#### Architecture and Design of the AlphaServer GS320 Kouroush Gharachorloo, Madhu Sharma, Simon Steely, and Stephen Van Doren

Presented by: Zachary Drillings

#### **Motivation and Goals**

- Achieve a low overhead directory protocol optimized for medium scale systems
- Address correctness issues related to rare protocol races without slowing common transaction flow
- Nacks seriously degrade performance and set up situations where livelock/starvation can occur.
  - Even using acks causes unnecessarily high numbers of messages in some cases, as well.

### Implementation and Design

- Simple Interconnects, such as a crossbar switch
  - Infeasible for large networks, but fine for this scale
  - Can exploit the ordering properties of the switch!
- Quad-Processor Nodes, using Alpha 21264, up to 32 GB memory per node.
  - Can connect up to 8 nodes for a 32 Processor System using a global switch.
  - Directory and Transactions-in-Transit maintained at each node
- Global Switch buffers packets and sends them out independently allowing for totally-ordered multicast, when needed

# **Coherence Model**

- Invalidation Based.
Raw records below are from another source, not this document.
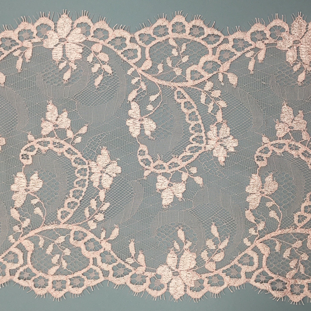 Optez pour ce sublime volant de dentelle rose à motif arabesque vendu au mètre. Véritable dentelle de Calais à la fois noble et délicate qui a été confectionnée dans le plus grand respect des traditions. Ce volant de dentelle joue la romance et veut savourer chaque seconde qui passe. Il sera s'adapter à toutes vos créations.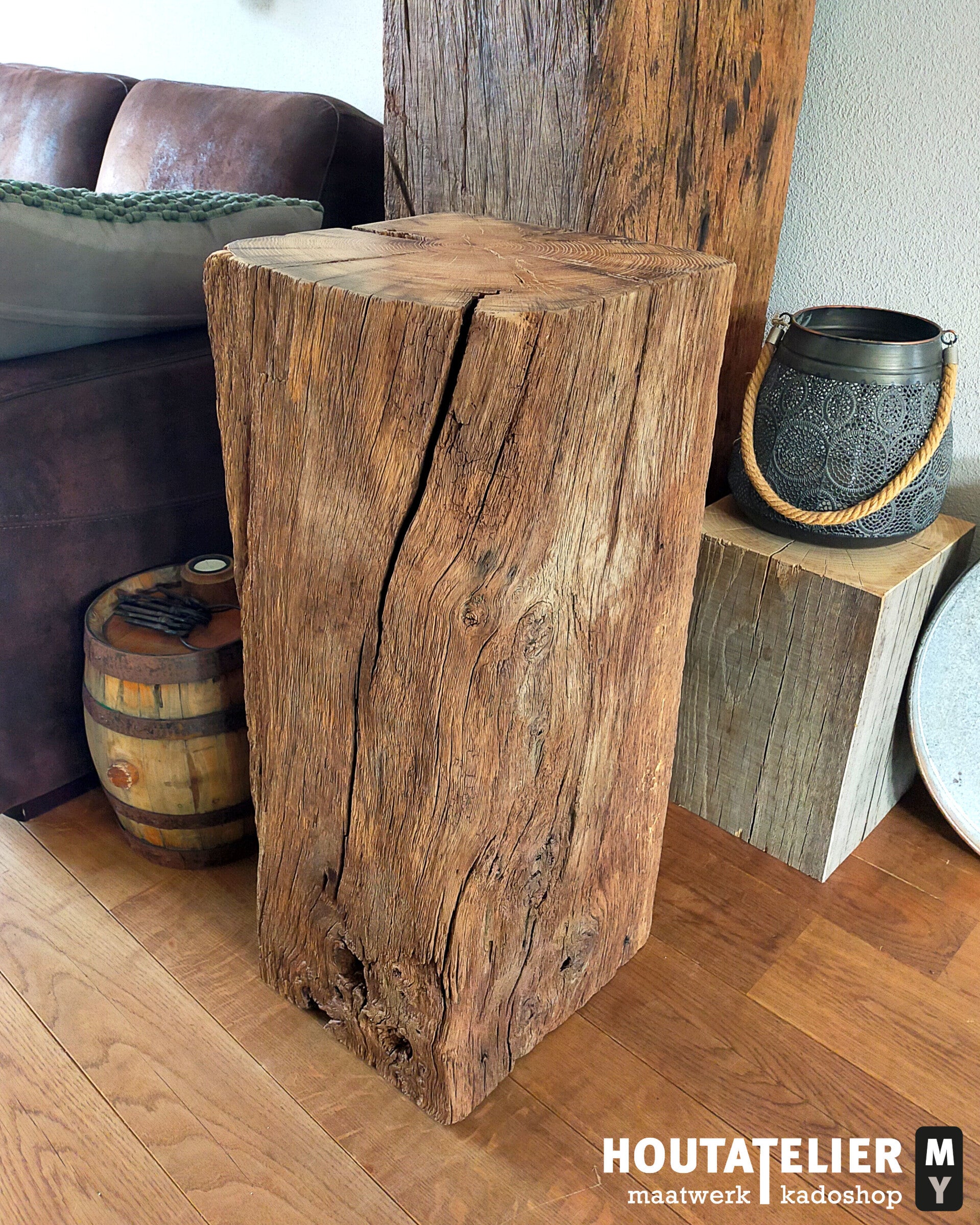 Voorbeelden van allerlei blokken en zuilen die door de jaren heen in ons houtatelier zijn gemaakt. Van rond tot vierkant, strak tot robuust en van heel groot tot klein. Ook meerpalen zijn in diverse afmetingen mogelijk.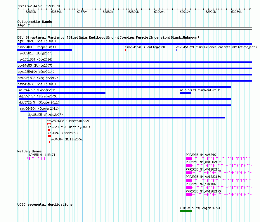 | | Variant Type | CNV gain | | Copy Number | | | Allele State | | | Allele Origin | | | Probe Count | | | Validation Flag | | | Merged Status | M | | Merged Variants | dgv1925n100 | | Supporting Variants | nssv3713505, nssv3531066, nssv3531070, nssv3531065, nssv3713504, nssv3713503, nssv3531068, nssv3531069, nssv3713506, nssv3531067 | | Samples | | | Known Genes | GPHB5, PPP2R5E | | Method | SNP array | | Analysis | Affymetrix SNP array copy number analysis | | Platform | Affymetrix SNP Array 6.0 | | Comments | | | Reference | Coe_et_al_2014 | | Pubmed ID | 25217958 | | Accession Number(s) | nsv1044094

Four Message types:
  - Read
  - Read Exclusive
  - Exclusive
  - Exclusive-without-data
  - Requesting Processor doesn't need to wait for acks, because of ability to enforce total ordering.
- Allow for dirty-sharing
- 3 Virtual lanes
  - Qo for carrying requests from requester to home directory (totally ordered!- > invalidates are "delivered" as soon as they are scheduled on the switch)
  - Q1 for carrying replies from home directory
  - Q2 for carrying replies to processor from third-party

## No Naks

- No need to deal with liveness and starvation as a consequence of naks.
- Guarantee the owner can always service a request
- Fewer Messages
- Figure 3 Really neat case where this has an advantage over Naking methods.
- Deal with Races by:
  - Late request race: Hold onto valid copy until home directory acknowledges a write-back
  - Early request race: Delay request on Q1, until data arrives on Q2 (total ordering on Q1 prevents deadlocks)

#### Consistency

- Early Acknowledgement
  - Define commit event for each write, commit only needs to complete before another write occurs.
- Separate data and commit components in replies to data requests.
  - Data is time critical and arrives at requester as fast as possible
  - Commit stays ordered on Q1 line
  - Can't go past memory barrier until both are received
- For Read and read exclusive, can do Early Commit in certain circumstances. -> Go past barrier if commits are recieved

# Discussion/Evaluation

- Not terribly impressive latency improvements when Processors Idle, but better when active.
  - No Snoopy bus
- Somewhat mixed results for various benchmarks against different competitors.
  - Unclear what differing latencies really mean to real-world performance
  - Unclear how valuable benchmarks are, as well as price/performance ratio.
- In general, unconvincing, in my opinion.

# **Thoughts and Questions**

- Some very interesting ideas.
  - Totally ordered requests, no ordering in data replies.
  - No Naking
  - Reduced number of messages and interesting solutions to races, etc.

#### • However,

- Is this better than competing designs?
- How well are these ideas going to scale?
- How does additional hardware increase cost?
- How does this system change with a switch to multiple cores on chip? Can it still be useful? Could it, in fact, be an even better model, since nodes could be a single chip and much fast?
- With 32 cores, is this even a big win over previous generations?